INSTRUCTIONS TO FOLLOW: Set down, exactly and only, everything from the line containing "El testimonio reciente" down to the line containing "You will receive" in the data below; the pictures are not part of the copy.

BEGIN SUPPLIED INFORMATION

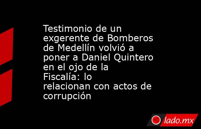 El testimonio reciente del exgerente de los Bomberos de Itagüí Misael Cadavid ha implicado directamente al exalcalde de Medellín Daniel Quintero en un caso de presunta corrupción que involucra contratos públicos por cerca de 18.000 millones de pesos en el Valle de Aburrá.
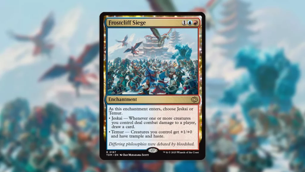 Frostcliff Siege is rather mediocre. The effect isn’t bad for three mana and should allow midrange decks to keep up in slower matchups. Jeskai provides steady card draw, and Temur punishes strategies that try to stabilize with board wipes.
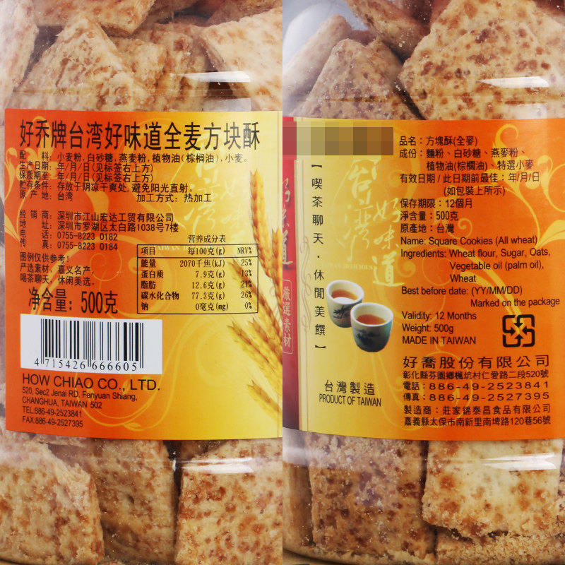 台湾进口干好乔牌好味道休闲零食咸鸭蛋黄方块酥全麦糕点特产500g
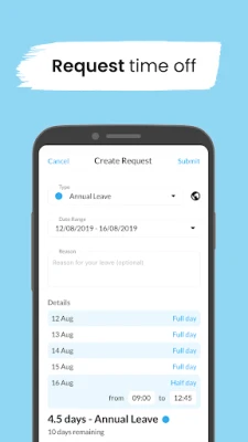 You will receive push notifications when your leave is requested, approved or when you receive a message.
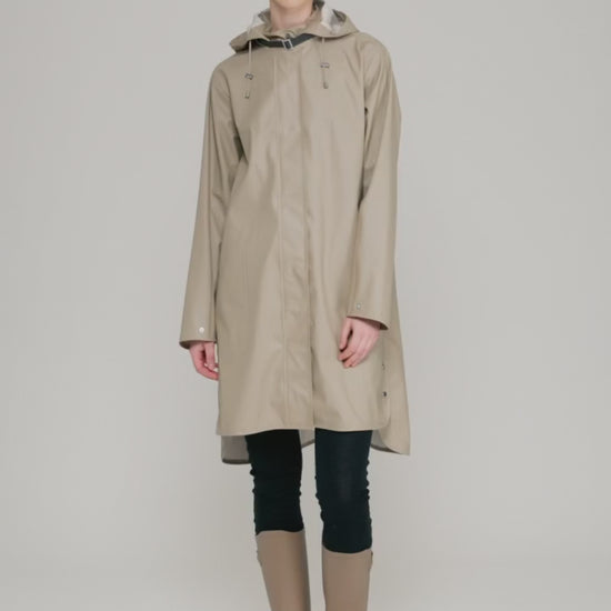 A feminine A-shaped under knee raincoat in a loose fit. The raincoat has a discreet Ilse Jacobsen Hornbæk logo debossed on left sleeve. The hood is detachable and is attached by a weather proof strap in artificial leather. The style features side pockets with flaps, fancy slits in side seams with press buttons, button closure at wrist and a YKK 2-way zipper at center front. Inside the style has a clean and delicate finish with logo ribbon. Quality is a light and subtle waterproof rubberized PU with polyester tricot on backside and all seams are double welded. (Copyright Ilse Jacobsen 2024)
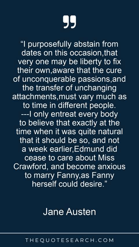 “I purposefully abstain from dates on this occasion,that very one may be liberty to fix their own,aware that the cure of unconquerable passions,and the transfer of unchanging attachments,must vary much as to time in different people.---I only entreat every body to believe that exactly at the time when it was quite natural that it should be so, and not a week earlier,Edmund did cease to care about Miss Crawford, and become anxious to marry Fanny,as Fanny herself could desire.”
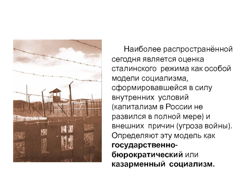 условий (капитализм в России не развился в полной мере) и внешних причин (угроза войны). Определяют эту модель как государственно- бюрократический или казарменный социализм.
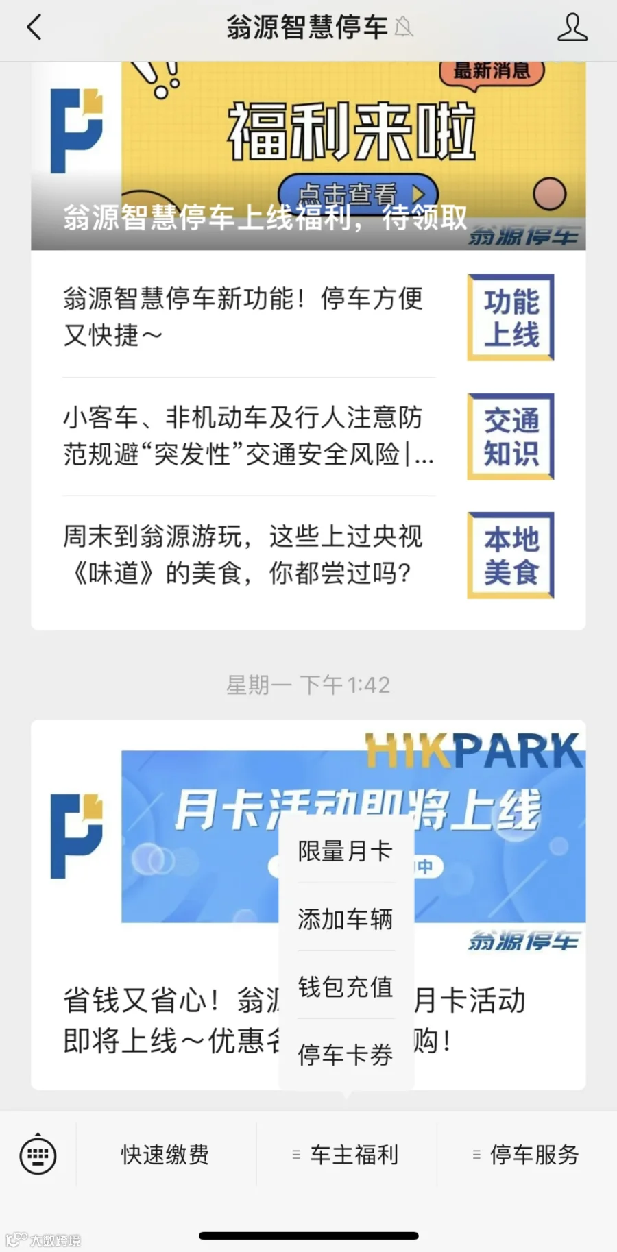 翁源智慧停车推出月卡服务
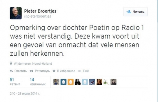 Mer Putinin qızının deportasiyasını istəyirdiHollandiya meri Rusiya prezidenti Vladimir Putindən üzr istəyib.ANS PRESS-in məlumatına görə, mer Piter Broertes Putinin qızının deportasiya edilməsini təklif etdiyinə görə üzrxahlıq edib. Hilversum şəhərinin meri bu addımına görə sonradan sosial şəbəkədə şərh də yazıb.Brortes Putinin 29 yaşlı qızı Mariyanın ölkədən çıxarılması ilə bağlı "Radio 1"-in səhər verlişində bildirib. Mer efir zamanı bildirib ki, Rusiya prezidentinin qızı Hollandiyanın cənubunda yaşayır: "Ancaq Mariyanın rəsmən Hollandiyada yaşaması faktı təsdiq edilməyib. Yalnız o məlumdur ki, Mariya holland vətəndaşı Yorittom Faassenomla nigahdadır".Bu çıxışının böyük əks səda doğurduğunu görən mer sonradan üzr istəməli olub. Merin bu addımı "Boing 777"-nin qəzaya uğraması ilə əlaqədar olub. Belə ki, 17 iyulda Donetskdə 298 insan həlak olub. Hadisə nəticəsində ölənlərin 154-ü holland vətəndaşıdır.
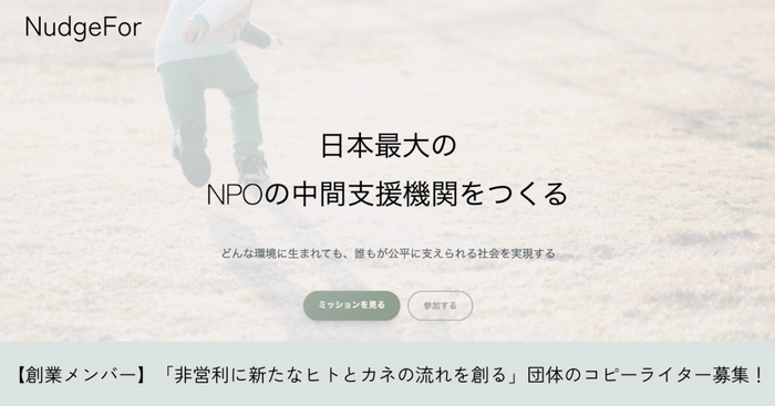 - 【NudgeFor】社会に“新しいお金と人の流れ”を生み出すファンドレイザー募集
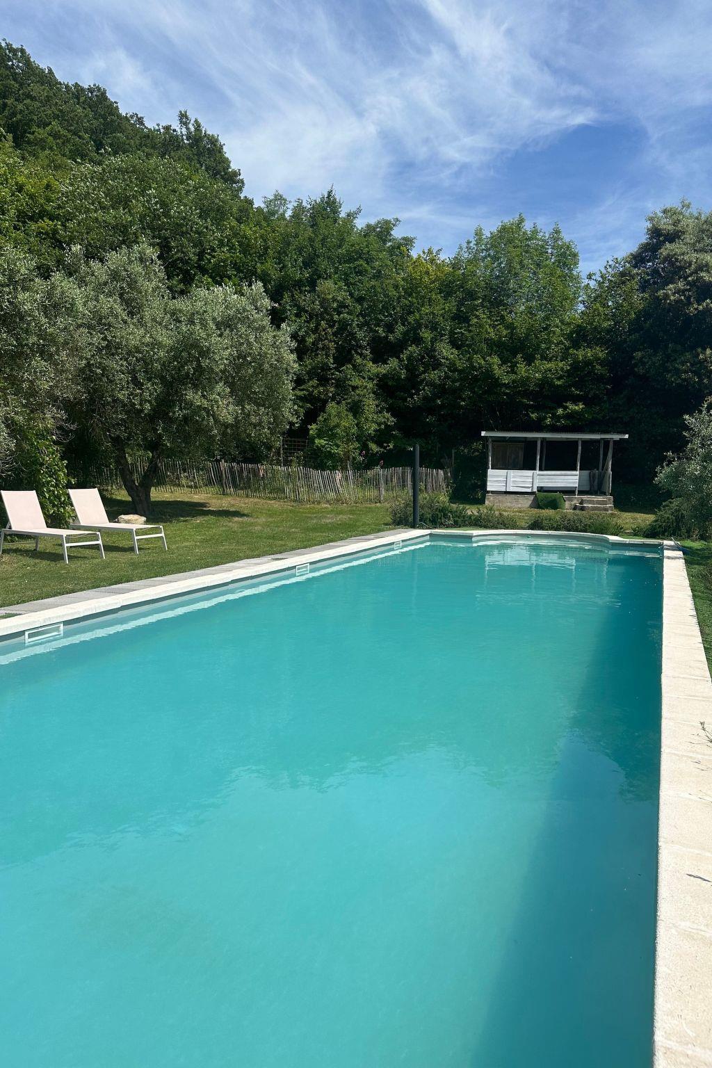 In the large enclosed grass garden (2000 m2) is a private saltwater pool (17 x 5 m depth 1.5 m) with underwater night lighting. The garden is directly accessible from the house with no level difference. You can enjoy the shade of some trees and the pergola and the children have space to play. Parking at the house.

END SUPPLIED INFORMATION
BEGIN SUPPLIED INFORMATION

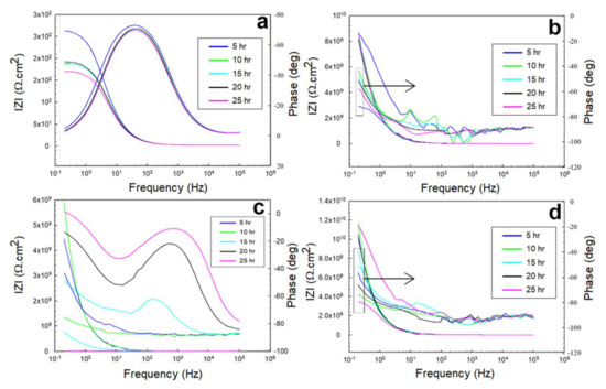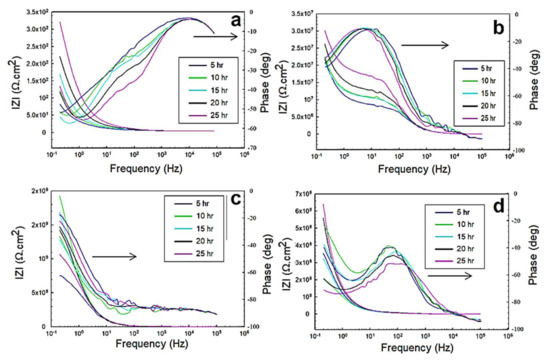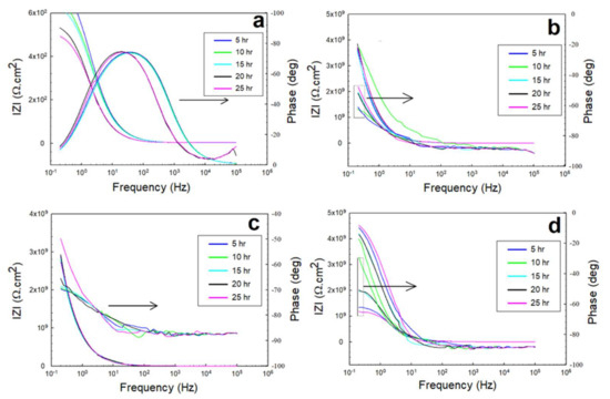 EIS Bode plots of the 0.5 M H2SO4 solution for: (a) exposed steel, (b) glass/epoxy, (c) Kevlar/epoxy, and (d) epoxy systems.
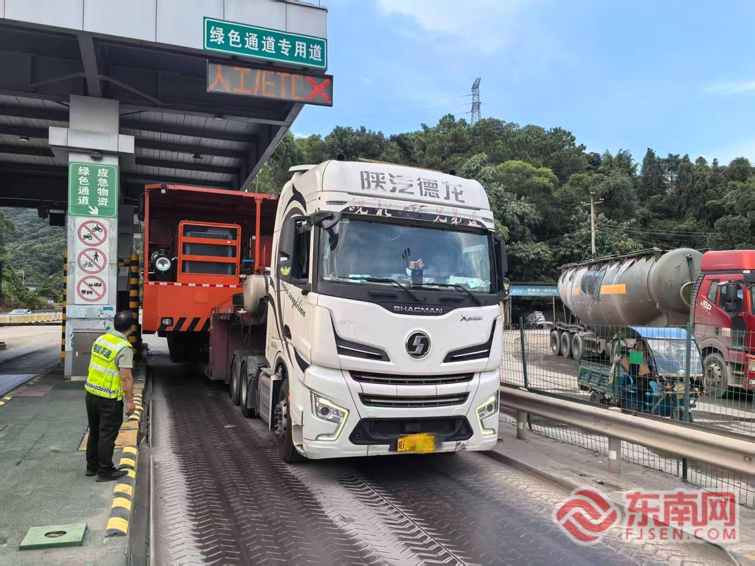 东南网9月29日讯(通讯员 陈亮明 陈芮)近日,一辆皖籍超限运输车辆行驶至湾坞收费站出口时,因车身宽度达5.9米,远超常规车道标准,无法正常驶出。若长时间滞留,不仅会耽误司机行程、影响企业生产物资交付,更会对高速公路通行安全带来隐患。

END SUPPLIED INFORMATION

SOLUTION FOR THIS EXERCISE:
 El testimonio reciente del exgerente de los Bomberos de Itagüí Misael Cadavid ha implicado directamente al exalcalde de Medellín Daniel Quintero en un caso de presunta corrupción que involucra contratos públicos por cerca de 18.000 millones de pesos en el Valle de Aburrá.
 Frostcliff Siege is rather mediocre. The effect isn’t bad for three mana and should allow midrange decks to keep up in slower matchups. Jeskai provides steady card draw, and Temur punishes strategies that try to stabilize with board wipes.
 台湾进口干好乔牌好味道休闲零食咸鸭蛋黄方块酥全麦糕点特产500g
 You will receive push notifications when your leave is requested, approved or when you receive a message.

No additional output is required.